The duo would constantly visit the Housing Agency of Jamaica to enquire about their chances of securing a plot of land and had received the good news last week, after several trips, that they had qualified for property in Burke’s Field, Old Harbour.

Having secured the down payment, White-Walker said Pitterson and her stepfather immediately went to work designing the family’s dream home.

“She draw the house and say she and her sister going to be over this side and me and her stepfather over the other side and she want me to have a little pastry shop out front,” she recalled.

However, Pitterson did not get a chance to visit the land, relying only on the pictures her mother captured on her cellphone.

On Thursday, stunned residents in this community gathered at the gate to Pitterson’s yard to lament the tragic end to the neighbourhood’s bright star who everyone described as a “good, decent and brilliant girl who did not allow the community men to become fresh with her”.

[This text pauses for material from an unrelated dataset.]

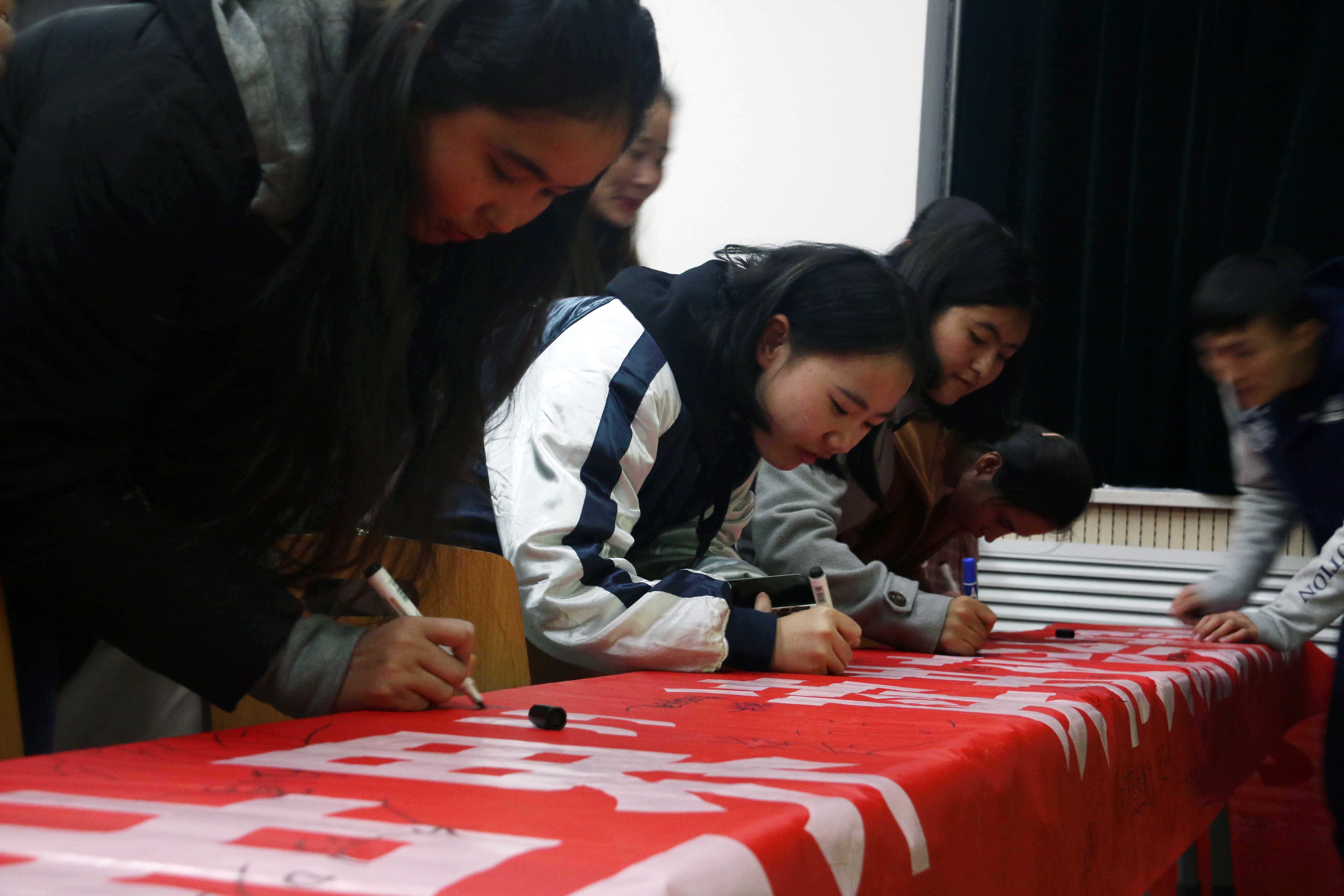 读书交流会开幕仪式秩序井然的进行,首先,主持人以播放幻灯片的方式向在场的同学们详细的介绍了本次读书交流会各负责人的分工情况及活动背景、活动意义、活动目的、活动主题等一系列关于活动的相关内容,其次,通过视频播放与同学们一起回顾了上一届读书交流会经过的四期精彩内容。然后,读书爱好者们用抽签的方式来分成四个小组进行交流。本次读书交流会别开生面,将分为四期举行。预计四期读书交流内容正在筹划当中,让我们敬请期待。每期读书交流会将会为表现出色、活动成绩突出的小组进行总结性表彰并颁发奖状。最后,专职辅导员热依木老师作了发言,表示对本期读书交流会活动有很大的期望,上一届读书交流会的成功举办,是同学们共同努力的结晶,大家要将这种爱读书、读好书的读书精神不断传承,在培养自身读书爱好的同时,带动身边的同学朋友一起读书,将威廉希尔williamhill中文的读书精神届届相传。同时希望负责本届读书交流会的同学们能够不断完善,丰富读书活动,不断提升读书交流会的影响力和文化品味,并预祝本届读书交流会能够取得圆满成功。开幕仪式结束后大家纷纷在主题横幅上签上了自己的名字。

“I know she would come to be something great because I just see the height she was going, but I am so sorry she couldn’t reach it,” the mother said as she clung to her daughter’s pillow.

Many of the community children, who came by to look at the blood-stained floor, were often helped with their homework or taken to church by Pitterson.

“Right now, she have a School-Based Assessment Test that she helping a girl to work on because she was always like that — willing to help others,” the mother said.

White-Walker said when she went through the trauma of watching her son’s leg being amputated after being accidentally shot by the police, it was Pitterson who had given her hope.

“When me lock up in me house ah cry, she come in and say “get up Mammy, God ah God and Him won’t let him die’, and so she is always giving me hope and being there for me and I wasn’t there to help her,” she lamented.